Die hat Aufsichtsbehörden, Berater und Anbieter nach Erfahrungen aus den ersten fünf Jahren mit der DSGVO und speziell nach Auswirkungen auf die Informations-Sicherheit gefragt. Der vorliegende Beitrag umfasst die Antworten der10 Organisationen, die uns geantwortet haben.

Compliance
Lesezeit 14 Min.

Im April 2016 hat die EU die finale Beschlussfassung der Datenschutzgrundverordnung (DSGVO) verabschiedet, im Mai 2016 trat die DSGVO in Kraft. Auch wenn sie erst nach dem Ende einer zweijährigen Übergangszeit ab dem 25. Mai 2018 anzuwenden war, hatten Unternehmen und Organisationen doch nunmehr bereits fünf Jahre Zeit, um sich mit der neuen Rechtsgrundlage auseinanderzusetzen – Grund genug, um wieder einmal bei Aufsichtsbehörden, Anbietern und Beratern nachzufragen, wie es um die Umsetzung der Bestimmungen sowie die Reife von Produkten, Dienstleistungen und Verfahren in Bezug auf die DSGVO steht, welche Veränderungen (gerade auch im Hinblick auf die Informations-Sicherheit) zu beobachten waren und wo noch Anpassungsbedarf gesehen wird.
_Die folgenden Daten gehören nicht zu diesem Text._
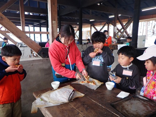 ピザの準備ができたらみんなで野外炊事場に移動して焼きながら食べました。

Bewusstsein für Datenschutz und -sicherheit

Das Resümee von Prof. Ulrich Kelber, dem Bundesbeauftragten für den Datenschutz und die Informationsfreiheit (BfDI) lautet: „Die DSGVO ist insgesamt eine gelungene Regelung. Ihre wichtigsten Zielsetzungen wurden erreicht, wie beispielsweise ein gesteigertes Bewusstsein für den Datenschutz oder dessen verbesserte Durchsetzung durch die Aufsichtsbehörden. Ein einheitliches europäisches Datenschutzrecht war und ist angesichts der politischen und technischen Entwicklung unbedingt notwendig.“

Dr. Imke Sommer, die Landesbeauftragte für Datenschutz und Informationsfreiheit der Freien Hansestadt Bremen (LfDI HB) sieht ebenfalls einen Anstieg des Datenschutzbewusstseins der Betroffenen und des Befolgungsgrades seitens der Verantwortlichen als wichtigste Auswirkungen der DSGVO: „Beides wirkt sich auch auf die Informations-Sicherheit aus, die ja in weiten Bereichen parallele Ziele wie der Datenschutz hat.“ Allerdings stünden wir trotz allem noch am Anfang: „Die DSGVO ist eher wie ein Tanker zu sehen, der erst langsam auf volle Fahrt kommt, dann aber schwer zu stoppen ist“ – derzeit sei man „im Stadium der Beschleunigung, aber bei Weitem noch nicht auf Höchstgeschwindigkeit“, betont Sommer: „Die DSGVO wird langsam aber sicher zum weltweiten Standard und bei datenschutzrechtlich Verantwortlichen setzt sich mehr und mehr die Erkenntnis durch, dass Datenschutz im IT-Bereich qualitätssichernde Wirkungen hat. Das hat auch damit zu tun, dass durch den Zwang zur Beschreibung der Datenflüsse und Rechtsgrundlagen Fehler auffallen.“

Auch die Auslegung der Verordnung nehme noch Fahrt auf – schließlich sei der erste Evaluationstermin zwei Jahre nach Geltung der DSGVO sehr früh angesetzt gewesen: „Die nach und nach entstehende Rechtsprechung, insbesondere des Europäischen Gerichtshofs (EuGH), werden wir bei der nächsten Evaluation, also in drei Jahren, genau auswerten. Die europäischen Aufsichtsbehörden sind zuversichtlich, dass der EuGH die ständig anwachsende Zahl einzelfallbezogener Entscheidungen der europäischen Aufsichtsbehörden und der Stellungnahmen und Entscheidungen des Europäischen Datenschutzausschusses (EDSA) würdigen wird“, so Sommer weiter.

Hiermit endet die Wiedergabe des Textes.